Sonntag, 24. August 2014

Heimelig

Hallo zusammen :)


Habt ihr auch das Gefühl das es Herbst wird?? Zwar ist heute endlich mal wieder schönes Wetter mit viel Sonne, aber ich finde es ist nicht mehr dieses Sommerfeeling und das finde ich sehr schade. Aufgrund des schäbigen Wetters in den letzten 10 Tagen, hat mein Vater sich kurzerhand entschlossen frühzeitig Holz zu bestellen und gestern war es dann so weit . . .




Der Lieferant hat vier Raummeter Holz gebracht - was vergleichsweise noch wenig ist, denn wir haben auch schon sechs oder acht gepackt. Schnelle Personen wie wir brauchen für vier Raummeter ca. 3 Stunden zum Packen. Zu den Raummetern muss ich folgendes erklären: Der Raummeter ist ein Raummaß für Holz und ergibt sich aus Höhe, Breit und Tiefe und entspricht einem Würfel, also einem Rauminhalt von einem Kubikmeter = Höhe x Breite x Tiefe = ³.  

Beim Packen muss man darauf achten, dass man zwischendurch kleine "Türmchen" aufbaut, um die Schichtung zu stabilisieren. Diese werden geschichtet wie beim Spiel "Jenga", wobei man erst mal Holzstücke finden muss die die richtige Form und Größe dafür haben. Zusätzlich ist zu beachten das man die Türmchen verkantet. Grundsätzlich ist wesentlich das die Hölzer verkantet sind, weil sonst das Packen nichts bringt und man sie auch wild liegen lassen könnte. Dabei ist allerdings das Problem das das Holz dann nass wird und fault und keine ausreichende Belüftung erhält. Aus dem Grund schichtet man Feuerholz auf Paletten, denn dadurch ist eine Belüftung von allen Seiten möglich.

 


Der Ablauf ist so das mein Vater mit der Schubkarre das Holz zu uns (meiner Mutter und mir) fährt und wir dann zu zweit schichten. Alleine zu schichten ist nicht sinnvoll, da das Hinkarren des Holzes schneller geht als das Schichten. Seit meinem Hexenschuss kann ich eh nicht mehr schwer heben oder eine schwere Schubkarre schieben, so dass mir nur das Schichten bleibt.

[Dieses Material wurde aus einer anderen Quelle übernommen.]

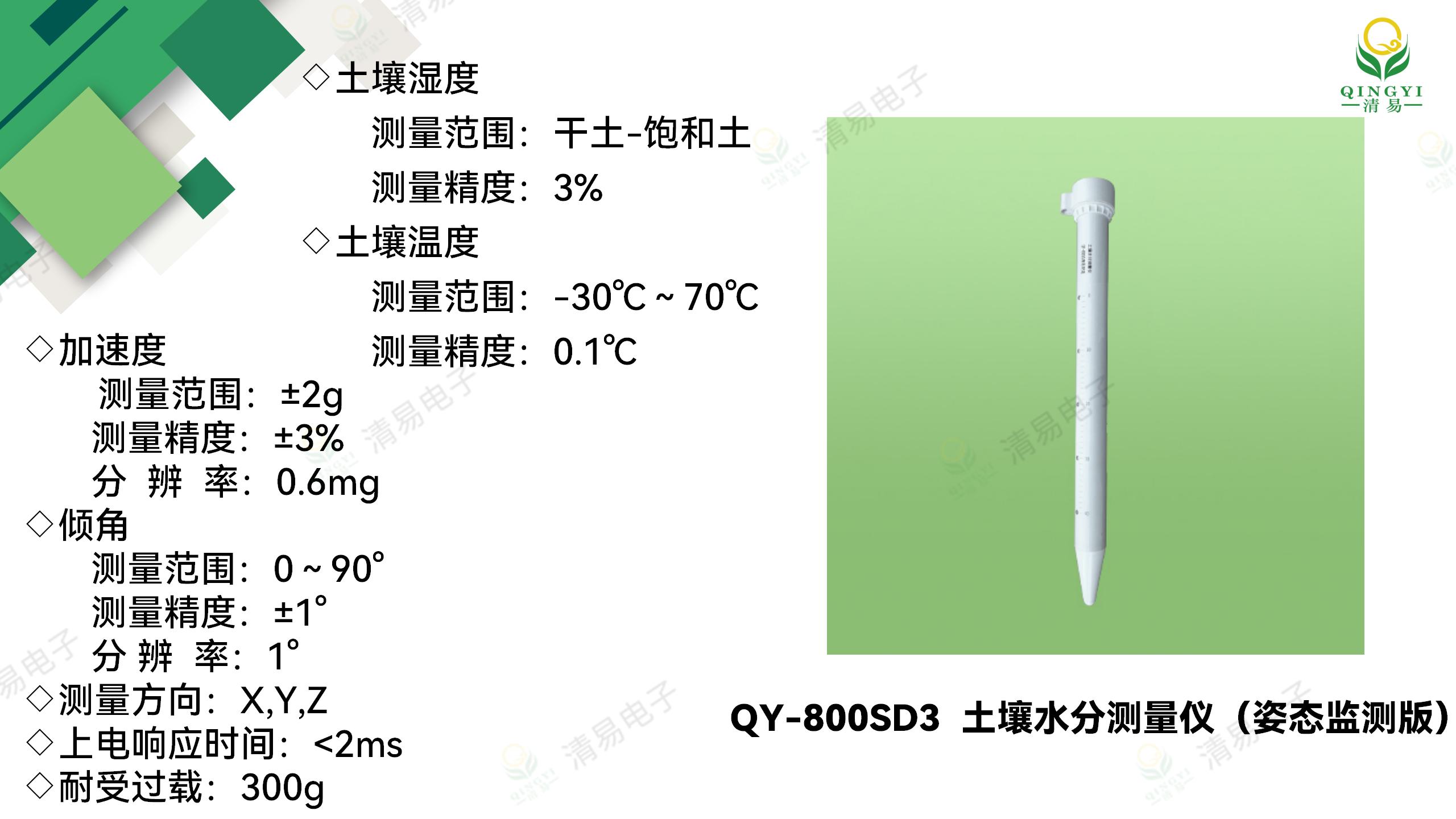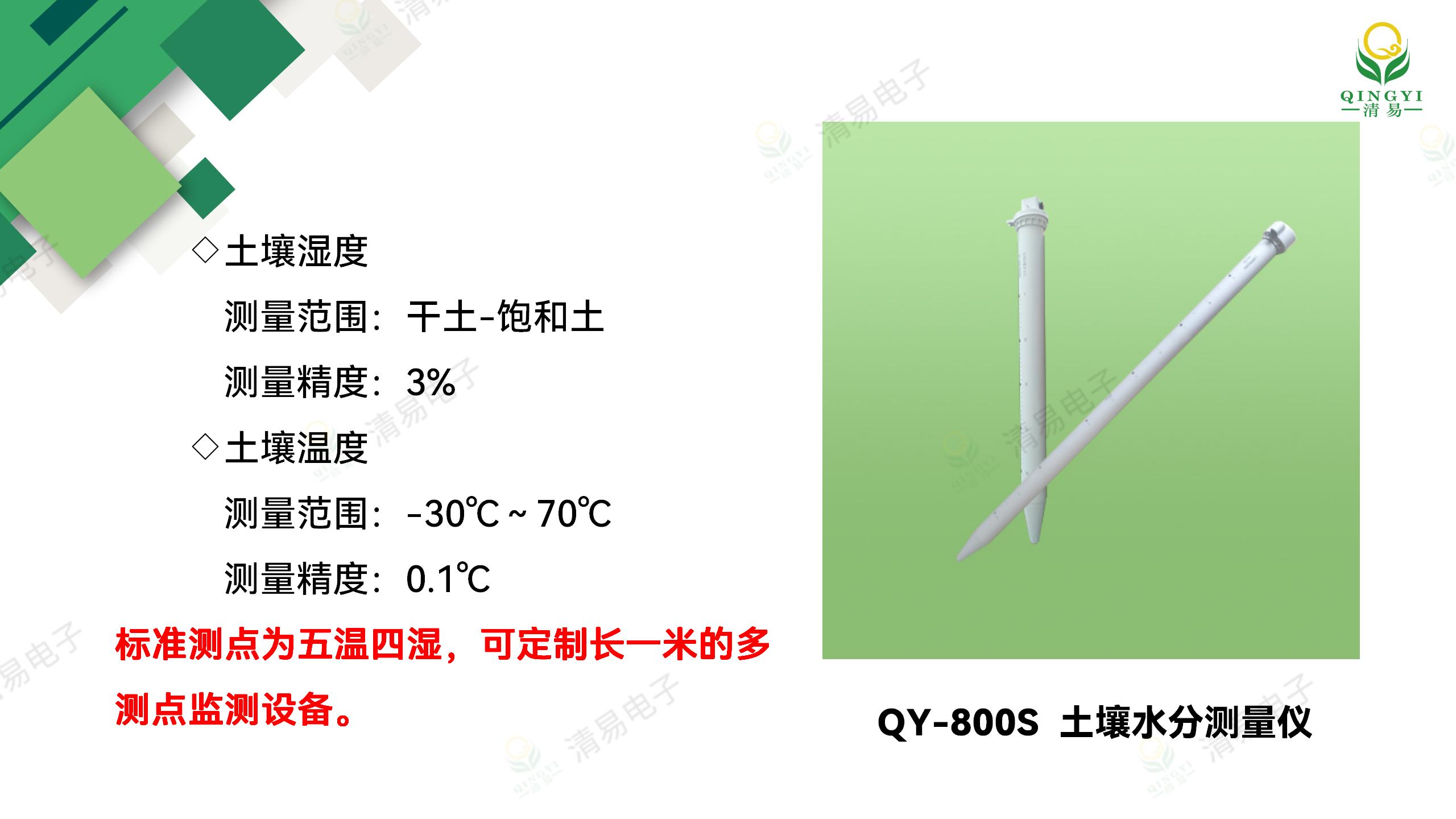 清易电子生产的QY-800S 土壤水分测量仪就是一款为观测土壤水分而研发的监测设备,采用分层设点的观测结构,观测相对应范围内的土壤温度、土壤水分、土壤电导率、土壤盐分等要素进行动态观测,而且是进行快速、准确、全面的观测,让人们实现对土壤的感知。
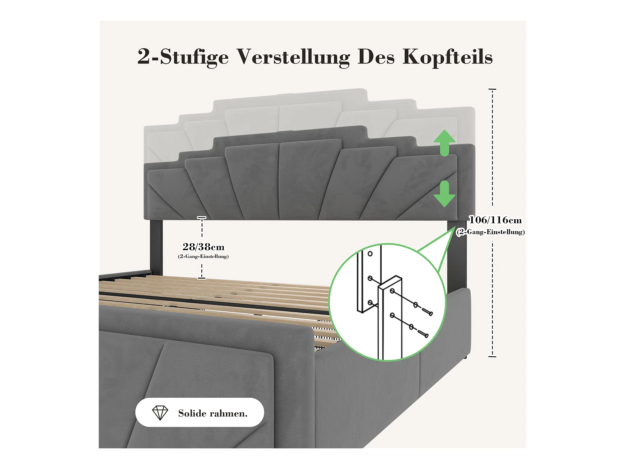 Lit coffre capitonné 160x200cm en velours - avec tiroir et sommier à lattes - Gris (sans matelas)
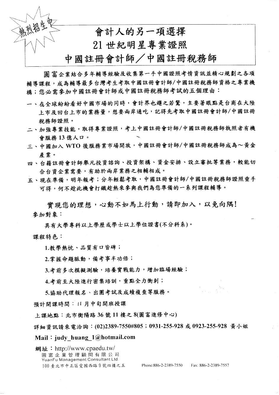 地址:台北市100中正區衡陽路36號8樓之1(衡陽財經大樓) 電話:(02)23897550(代表號) 傳真:(02)23897557
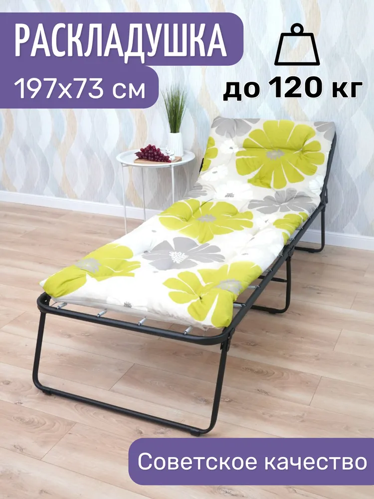 Это отличная раскладушка с регулируемым подголовником в 4 положениях. Каркас раскладушки - прочная стальная труба 25 мм, покрытая антикоррозийной порошковой краской, благодаря чему прослужит долго и не будет ржаветь. Раскладушка очень легкая и компактная, несмотря на это может выдержать нагрузку до 120 кг (максимальный распределенный вес). Представьте, восьми килограммовая конструкция держит взрослого человека 120 кг. Может выдержать и 140 при правильном обращении (испытано) : нельзя вставать на раскладушку ногами, упираться коленом, садиться на каркас трубы (иначе согнется под весом), и прыгать на ней тоже не рекомендуется, а вот лежать и спать или загорать на ней самое то, для этого она и была создана! Позволит вам с комфортом отдохнуть на любимой даче, выручит при появлении гостей, не займет много места дома -действительно компактная. Отдельный плюс этой модели ее можно использовать как шезлонг и с комфортом отдохнуть на природе, а так же незаменима при отправке ребенка в детский лагерь. Отличная раскладушка на все случаи жизни!
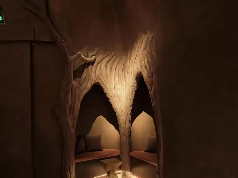 一层的“ROOT本”,寓意生命之树的根基,整体设计模拟岩洞风貌,通过岩石与木材元素的巧妙结合,营造出原始自然的氛围。灯光于其中扮演了重要角色,通过局部照明设计,勾勒出空间的轮廓重点,使得整个空间明暗有度,既保留了神秘与深邃的感觉,又突显了自然的质朴美感。
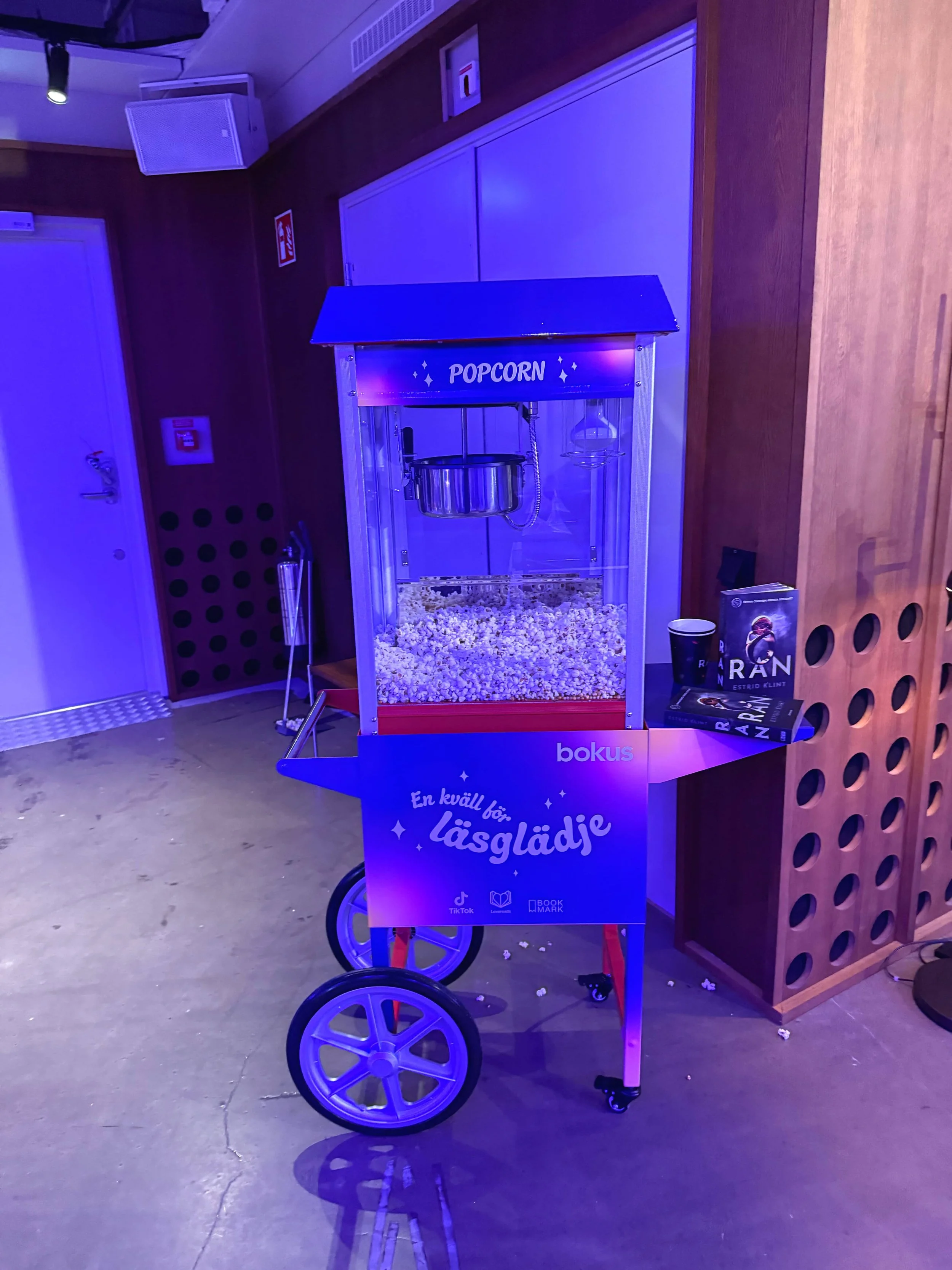 Trycksaker: roll-up, manuskort, fotobås, popcornmaskin, godishyllor och annat till eventet
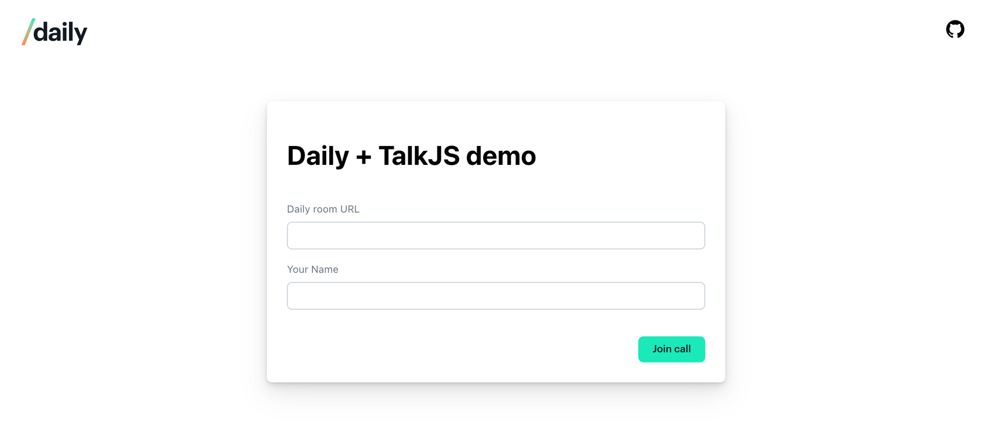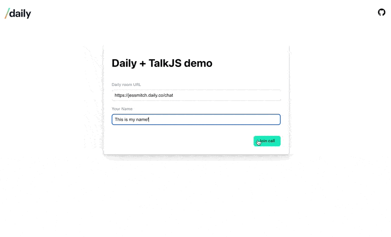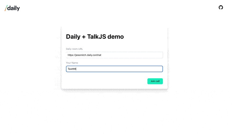 Let’s start with the more involved option: using a Daily meeting token. We’ll use the Daily Prebuilt and TalkJs demo app for the sample code below.
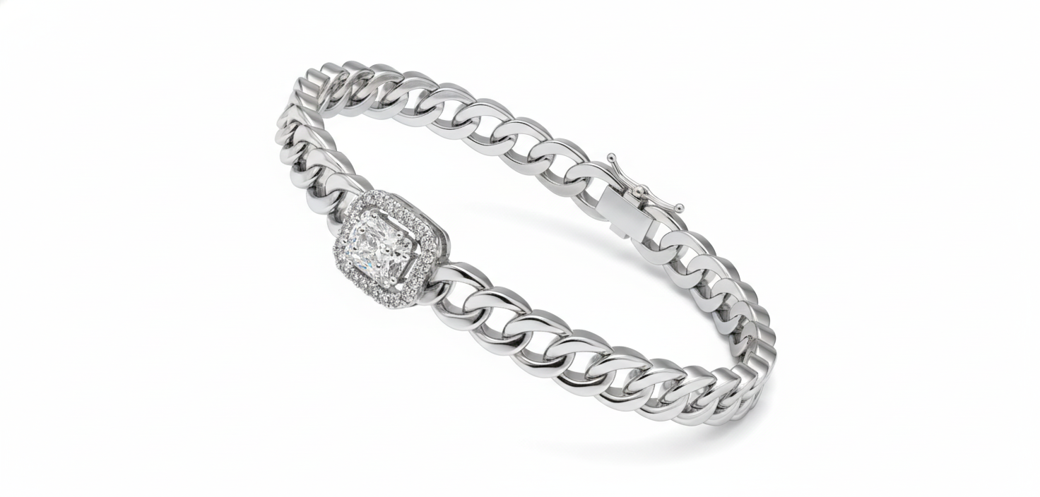 This statement bracelet redefines contemporary elegance by combining the industrial strength of the curb link with the delicate fire of fine jewelry. At its heart lies a radiant cushion-cut center stone, precisely set within a pave-accented halo to amplify its size and brilliance.

"Nur" ist allerdings gut, denn man hebt ja das Holz aus der Karre und packt es immer höher, was bei schweren Stücken ganz schön anstrengend sein kann. Mit meinen 1,63cm bin ich ja auch nicht so groß, was zum Problem wird wenn man hoch packen muss. Tja, was tun?? Ich bin also auf den Holzstapel geklettert und habe direkt oben gepackt. Denn der Stapel muss hinten höher sein als vorne, da sonst das Regenwasser nicht abfließt. 




Zum Schutz vor Regen wird das Holz mit mehreren Planen abgedeckt, diese dann mit Steinen fixiert.

Info: Das Holz ist nicht für einen Kamin, sondern für einen Kachelofen. Wobei der Kachelofen ein "Grundofen" ist, da wir keine Kacheln angebracht haben. Der Kachelofen ist in den kalten Jahreszeiten die Hauptheizquelle im Haus und macht eine wohlige Atmosphäre und einen angenehmen Geruch. Da ich in meiner Wohnung eine Zentralheizung (Gas) habe, spüre ich einen wesentlichen Unterschied, da ich weiß wie es sich mit einer natürlichen Wärmequelle anfühlt und vermisse den Kachelofen auch.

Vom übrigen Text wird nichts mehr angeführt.